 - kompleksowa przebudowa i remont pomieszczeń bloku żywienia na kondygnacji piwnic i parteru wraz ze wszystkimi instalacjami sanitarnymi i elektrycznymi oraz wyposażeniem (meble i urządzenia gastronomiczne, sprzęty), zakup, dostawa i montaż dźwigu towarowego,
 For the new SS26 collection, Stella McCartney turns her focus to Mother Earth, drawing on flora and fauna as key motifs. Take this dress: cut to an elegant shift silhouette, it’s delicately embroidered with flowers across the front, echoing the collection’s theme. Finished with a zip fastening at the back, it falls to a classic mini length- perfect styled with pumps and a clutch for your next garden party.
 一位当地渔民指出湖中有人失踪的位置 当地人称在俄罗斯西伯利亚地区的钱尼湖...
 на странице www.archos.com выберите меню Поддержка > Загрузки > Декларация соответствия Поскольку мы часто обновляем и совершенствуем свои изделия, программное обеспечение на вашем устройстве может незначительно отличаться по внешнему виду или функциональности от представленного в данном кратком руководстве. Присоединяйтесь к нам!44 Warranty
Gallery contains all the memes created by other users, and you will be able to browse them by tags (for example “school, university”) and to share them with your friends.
* * *
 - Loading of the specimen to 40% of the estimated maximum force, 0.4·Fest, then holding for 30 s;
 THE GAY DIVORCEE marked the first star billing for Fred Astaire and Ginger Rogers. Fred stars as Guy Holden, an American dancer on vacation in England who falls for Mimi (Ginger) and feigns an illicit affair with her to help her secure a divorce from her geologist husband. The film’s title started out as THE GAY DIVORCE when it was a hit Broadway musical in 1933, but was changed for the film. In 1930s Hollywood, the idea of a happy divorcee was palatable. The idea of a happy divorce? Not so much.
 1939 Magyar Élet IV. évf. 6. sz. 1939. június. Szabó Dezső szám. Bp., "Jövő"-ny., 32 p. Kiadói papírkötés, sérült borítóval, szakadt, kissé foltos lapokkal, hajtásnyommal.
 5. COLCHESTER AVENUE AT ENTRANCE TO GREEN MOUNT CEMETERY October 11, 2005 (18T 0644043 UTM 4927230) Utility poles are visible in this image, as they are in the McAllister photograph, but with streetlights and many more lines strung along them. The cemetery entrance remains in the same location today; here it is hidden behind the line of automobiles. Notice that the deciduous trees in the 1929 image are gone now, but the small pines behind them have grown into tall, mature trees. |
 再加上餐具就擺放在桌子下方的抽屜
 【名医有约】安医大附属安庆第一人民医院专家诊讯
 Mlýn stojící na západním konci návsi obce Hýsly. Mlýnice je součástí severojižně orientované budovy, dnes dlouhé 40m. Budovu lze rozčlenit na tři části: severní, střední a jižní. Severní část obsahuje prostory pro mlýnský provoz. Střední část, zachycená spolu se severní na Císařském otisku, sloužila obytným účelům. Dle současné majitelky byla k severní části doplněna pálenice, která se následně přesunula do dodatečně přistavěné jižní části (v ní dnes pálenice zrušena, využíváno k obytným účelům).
...
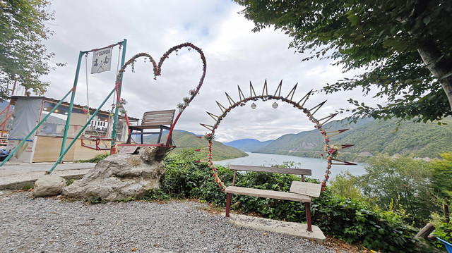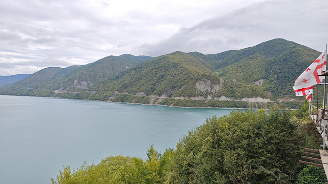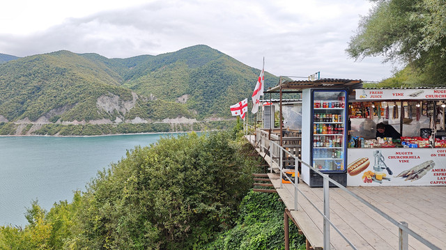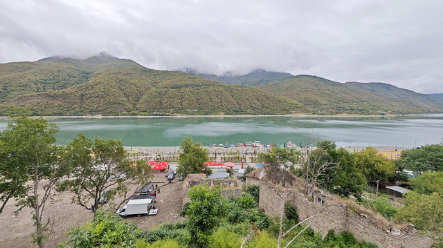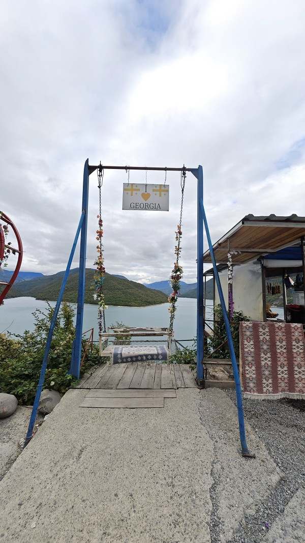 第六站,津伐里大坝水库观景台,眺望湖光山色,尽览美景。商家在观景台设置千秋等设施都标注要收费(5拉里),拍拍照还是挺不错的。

▸ Problem statement
In the lines above, find the word "your" and copy every line it occurs in.

▸ The answer
 For the new SS26 collection, Stella McCartney turns her focus to Mother Earth, drawing on flora and fauna as key motifs. Take this dress: cut to an elegant shift silhouette, it’s delicately embroidered with flowers across the front, echoing the collection’s theme. Finished with a zip fastening at the back, it falls to a classic mini length- perfect styled with pumps and a clutch for your next garden party.
Gallery contains all the memes created by other users, and you will be able to browse them by tags (for example “school, university”) and to share them with your friends.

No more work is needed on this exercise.